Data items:
= = = = = = =

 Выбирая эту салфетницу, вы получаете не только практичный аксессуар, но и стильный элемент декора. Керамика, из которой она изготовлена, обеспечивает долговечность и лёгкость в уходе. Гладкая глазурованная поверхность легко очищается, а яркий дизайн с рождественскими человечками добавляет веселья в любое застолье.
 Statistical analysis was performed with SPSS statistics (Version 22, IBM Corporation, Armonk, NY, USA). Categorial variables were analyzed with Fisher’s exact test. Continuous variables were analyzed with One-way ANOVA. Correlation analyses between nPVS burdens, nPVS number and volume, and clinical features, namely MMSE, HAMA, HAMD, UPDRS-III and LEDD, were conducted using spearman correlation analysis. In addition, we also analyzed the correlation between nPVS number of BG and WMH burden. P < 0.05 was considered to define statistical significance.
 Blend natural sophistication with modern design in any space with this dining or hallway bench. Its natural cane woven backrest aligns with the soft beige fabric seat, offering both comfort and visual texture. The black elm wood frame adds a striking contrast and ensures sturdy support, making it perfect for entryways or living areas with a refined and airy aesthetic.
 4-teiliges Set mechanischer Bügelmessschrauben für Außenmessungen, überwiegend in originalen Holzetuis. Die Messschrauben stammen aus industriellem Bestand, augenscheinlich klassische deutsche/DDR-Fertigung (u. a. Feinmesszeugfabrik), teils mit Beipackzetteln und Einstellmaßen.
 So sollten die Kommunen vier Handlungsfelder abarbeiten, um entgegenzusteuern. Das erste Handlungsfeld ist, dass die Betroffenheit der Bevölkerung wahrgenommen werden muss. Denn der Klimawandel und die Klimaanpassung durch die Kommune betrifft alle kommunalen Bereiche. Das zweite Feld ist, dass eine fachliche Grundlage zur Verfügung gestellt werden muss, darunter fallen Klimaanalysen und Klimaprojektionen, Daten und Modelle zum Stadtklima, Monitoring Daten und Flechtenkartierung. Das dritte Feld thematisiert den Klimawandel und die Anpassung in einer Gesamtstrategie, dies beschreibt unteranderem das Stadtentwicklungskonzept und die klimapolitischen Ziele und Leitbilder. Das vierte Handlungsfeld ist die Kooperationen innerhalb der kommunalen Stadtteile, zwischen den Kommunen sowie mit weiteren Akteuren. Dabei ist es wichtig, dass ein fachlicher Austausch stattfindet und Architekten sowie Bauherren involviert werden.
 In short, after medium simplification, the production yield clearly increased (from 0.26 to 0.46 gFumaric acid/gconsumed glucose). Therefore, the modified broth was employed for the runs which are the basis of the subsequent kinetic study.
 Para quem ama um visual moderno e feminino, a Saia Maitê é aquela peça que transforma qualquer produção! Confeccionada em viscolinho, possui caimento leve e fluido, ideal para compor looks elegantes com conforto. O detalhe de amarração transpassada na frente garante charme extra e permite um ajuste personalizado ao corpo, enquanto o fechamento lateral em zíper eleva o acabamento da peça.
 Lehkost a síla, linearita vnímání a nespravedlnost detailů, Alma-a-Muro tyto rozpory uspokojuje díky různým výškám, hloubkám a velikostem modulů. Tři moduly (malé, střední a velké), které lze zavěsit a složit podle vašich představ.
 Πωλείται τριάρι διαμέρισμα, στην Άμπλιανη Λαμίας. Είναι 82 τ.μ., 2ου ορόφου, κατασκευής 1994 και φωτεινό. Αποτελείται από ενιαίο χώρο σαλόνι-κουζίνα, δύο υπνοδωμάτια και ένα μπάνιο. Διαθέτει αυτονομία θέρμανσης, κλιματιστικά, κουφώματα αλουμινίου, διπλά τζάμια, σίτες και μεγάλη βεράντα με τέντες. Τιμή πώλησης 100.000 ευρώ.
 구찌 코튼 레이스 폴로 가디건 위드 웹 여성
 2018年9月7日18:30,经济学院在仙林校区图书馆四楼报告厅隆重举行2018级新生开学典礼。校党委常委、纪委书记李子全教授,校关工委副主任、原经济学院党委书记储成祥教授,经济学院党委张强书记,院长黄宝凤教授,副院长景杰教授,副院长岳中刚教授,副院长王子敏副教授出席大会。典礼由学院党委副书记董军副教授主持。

= = = = = = =

Copy all of the data exactly.

 Выбирая эту салфетницу, вы получаете не только практичный аксессуар, но и стильный элемент декора. Керамика, из которой она изготовлена, обеспечивает долговечность и лёгкость в уходе. Гладкая глазурованная поверхность легко очищается, а яркий дизайн с рождественскими человечками добавляет веселья в любое застолье.
 Statistical analysis was performed with SPSS statistics (Version 22, IBM Corporation, Armonk, NY, USA). Categorial variables were analyzed with Fisher’s exact test. Continuous variables were analyzed with One-way ANOVA. Correlation analyses between nPVS burdens, nPVS number and volume, and clinical features, namely MMSE, HAMA, HAMD, UPDRS-III and LEDD, were conducted using spearman correlation analysis. In addition, we also analyzed the correlation between nPVS number of BG and WMH burden. P < 0.05 was considered to define statistical significance.
 Blend natural sophistication with modern design in any space with this dining or hallway bench. Its natural cane woven backrest aligns with the soft beige fabric seat, offering both comfort and visual texture. The black elm wood frame adds a striking contrast and ensures sturdy support, making it perfect for entryways or living areas with a refined and airy aesthetic.
 4-teiliges Set mechanischer Bügelmessschrauben für Außenmessungen, überwiegend in originalen Holzetuis. Die Messschrauben stammen aus industriellem Bestand, augenscheinlich klassische deutsche/DDR-Fertigung (u. a. Feinmesszeugfabrik), teils mit Beipackzetteln und Einstellmaßen.
 So sollten die Kommunen vier Handlungsfelder abarbeiten, um entgegenzusteuern. Das erste Handlungsfeld ist, dass die Betroffenheit der Bevölkerung wahrgenommen werden muss. Denn der Klimawandel und die Klimaanpassung durch die Kommune betrifft alle kommunalen Bereiche. Das zweite Feld ist, dass eine fachliche Grundlage zur Verfügung gestellt werden muss, darunter fallen Klimaanalysen und Klimaprojektionen, Daten und Modelle zum Stadtklima, Monitoring Daten und Flechtenkartierung. Das dritte Feld thematisiert den Klimawandel und die Anpassung in einer Gesamtstrategie, dies beschreibt unteranderem das Stadtentwicklungskonzept und die klimapolitischen Ziele und Leitbilder. Das vierte Handlungsfeld ist die Kooperationen innerhalb der kommunalen Stadtteile, zwischen den Kommunen sowie mit weiteren Akteuren. Dabei ist es wichtig, dass ein fachlicher Austausch stattfindet und Architekten sowie Bauherren involviert werden.
 In short, after medium simplification, the production yield clearly increased (from 0.26 to 0.46 gFumaric acid/gconsumed glucose). Therefore, the modified broth was employed for the runs which are the basis of the subsequent kinetic study.
 Para quem ama um visual moderno e feminino, a Saia Maitê é aquela peça que transforma qualquer produção! Confeccionada em viscolinho, possui caimento leve e fluido, ideal para compor looks elegantes com conforto. O detalhe de amarração transpassada na frente garante charme extra e permite um ajuste personalizado ao corpo, enquanto o fechamento lateral em zíper eleva o acabamento da peça.
 Lehkost a síla, linearita vnímání a nespravedlnost detailů, Alma-a-Muro tyto rozpory uspokojuje díky různým výškám, hloubkám a velikostem modulů. Tři moduly (malé, střední a velké), které lze zavěsit a složit podle vašich představ.
 Πωλείται τριάρι διαμέρισμα, στην Άμπλιανη Λαμίας. Είναι 82 τ.μ., 2ου ορόφου, κατασκευής 1994 και φωτεινό. Αποτελείται από ενιαίο χώρο σαλόνι-κουζίνα, δύο υπνοδωμάτια και ένα μπάνιο. Διαθέτει αυτονομία θέρμανσης, κλιματιστικά, κουφώματα αλουμινίου, διπλά τζάμια, σίτες και μεγάλη βεράντα με τέντες. Τιμή πώλησης 100.000 ευρώ.
 구찌 코튼 레이스 폴로 가디건 위드 웹 여성
 2018年9月7日18:30,经济学院在仙林校区图书馆四楼报告厅隆重举行2018级新生开学典礼。校党委常委、纪委书记李子全教授,校关工委副主任、原经济学院党委书记储成祥教授,经济学院党委张强书记,院长黄宝凤教授,副院长景杰教授,副院长岳中刚教授,副院长王子敏副教授出席大会。典礼由学院党委副书记董军副教授主持。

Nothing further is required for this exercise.